Они присели в гостиной.

— Почему бы и нет? Похоже, здесь самые хорошие клиенты, — дразнила его Брук.

— Отец знает, что ты здесь?

— Отец знает и одобряет все, что я делаю, — высокомерно ответила она. Дэвид вздрогнул, а Хильдегард просияла. — Вы же не думаете, что ему захочется, чтобы я закончила колледж и залезла в долги на шестьдесят тысяч долларов? —веско ответила восемнадцатилетняя девушка.

— Да, но… — запнулся Дэвид.

— За работу в кафе мне платили семь долларов в час.

— Но такая девушка, как ты, в этом месте?

— Проявите уважение, мистер Лоуренс, — ответила Брук. — Все же хозяйка Хильдегард слышит вас.

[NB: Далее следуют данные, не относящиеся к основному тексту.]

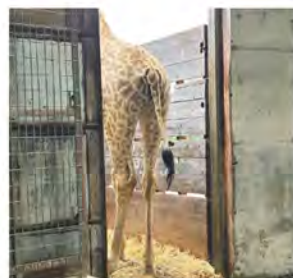
トレーニング4日目。入ってくれました!
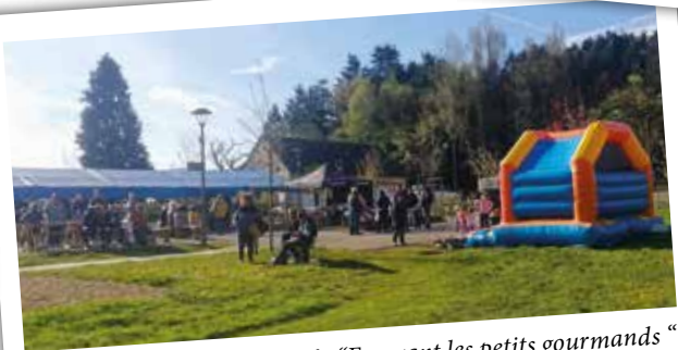
Chasse à l'oeuf - "En avant les petits gourmands"
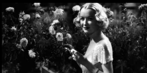
Design for Living

Ben Hechts (Buch) und Lubitschs sehr freie und freizügige Version des erfolgreichen Boulevard-Stücks von Noël Coward. Während Cowards Helden elegante und zynische Yuppies sind, setzen Hecht und Lubitsch auf mittellose, sympathische Bohemiens. Der Künstler George (Cooper) und der Stückeschreiber Tom (March) hausen in Paris
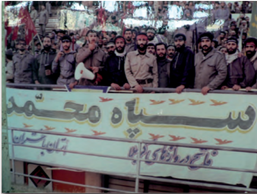
شکل ۴-۵- تصویری از سپاه محمد (ص)

رژیم عراق برای پیروزی در جنگ از هیچ عمل ننگینی علیه رزمندگان و مردم بی دفاع مرزنشین استان فروگذار نکرد؛ به طوری که در طول جنگ بارها از سلاح های شیمیایی استفاده کرد. از مناطقی که این چنین ناجوانمردانه مورد حمله شیمیایی دشمن قرار گرفت، می توان به روستای بان زرده ریجاب اشاره نمود.

— Да, но я думаю, она согласна со мной в том, что для тебя найдется место получше, чем здесь, — сказал Дэвид с уверенностью, которую Хильдегард не разделяла.

— Дэвид, — сказала Хильдегард, — одна из моих лучших подруг заработала в этом месте деньги на юридическое образование.

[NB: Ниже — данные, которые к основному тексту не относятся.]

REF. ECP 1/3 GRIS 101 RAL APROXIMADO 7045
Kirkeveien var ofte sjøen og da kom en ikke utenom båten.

— Никогда не думал, что вы такой консерватор, мистер Лоуренс, — подтрунивала Брук, разглядывая ожидавших в помещении клиентов.

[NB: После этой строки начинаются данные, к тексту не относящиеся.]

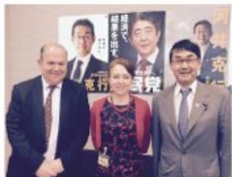
英国の王立安全保障研究所 (RUS I) ヒッ ベル所長とアイル国際部長が総理補佐官室に 来訪 (5月18日)
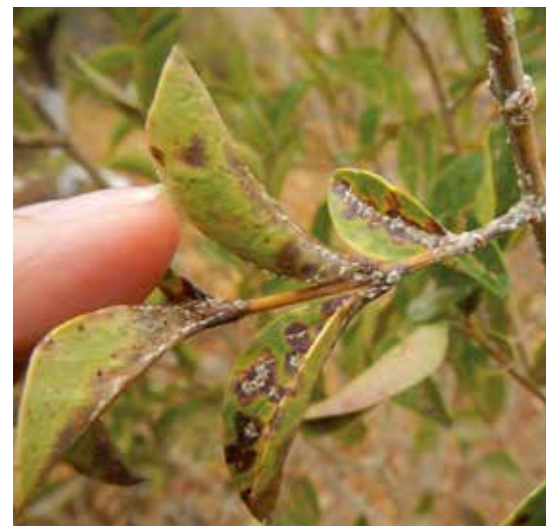
Escama del olivo en hojas de ligustrina.
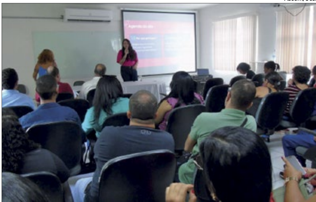
A Universidade Estadual do Sudoeste da Bahia abre portas para inclusão de pessoas trans

Universidade baiana desenvolve políticas afirmativas para inclusão
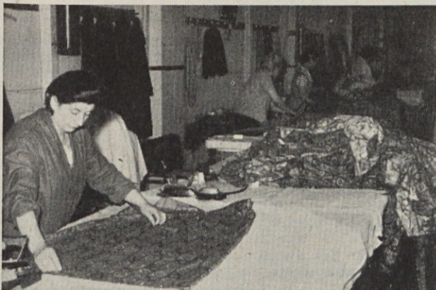
Delavka izdeluje ravno zastavo za Ruando
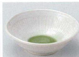
046-28-5E3 640円 2254049002 うのふグリーン小鉢 (12.5φ×4.2H)
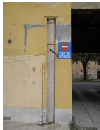
Figg. 16-19. Edificio padronale a tre piani; colonne in granito e scala

— Пойдем куда-нибудь поговорим, — нетерпеливо сказал Дэвид.

— Вы хотите сейчас уйти? — Да.

— Но я только что пришла.

— Но ты ведь не собиралась начинать работу сегодня вечером?

— Дорогая, Дэвид, возможно, прав, — сказала Хильдегард, заметив враждебные взгляды, которыми награждали Брук другие девушки. — Сегодня у меня полный дом и штатных работников, и клиентов, так что я вряд ли смогу обеспечить тебе полную программу.

— Но я, по крайней мере, рассчитывала, что меня хоть раз отшлепают в честь дня рождения, — призналась Брук.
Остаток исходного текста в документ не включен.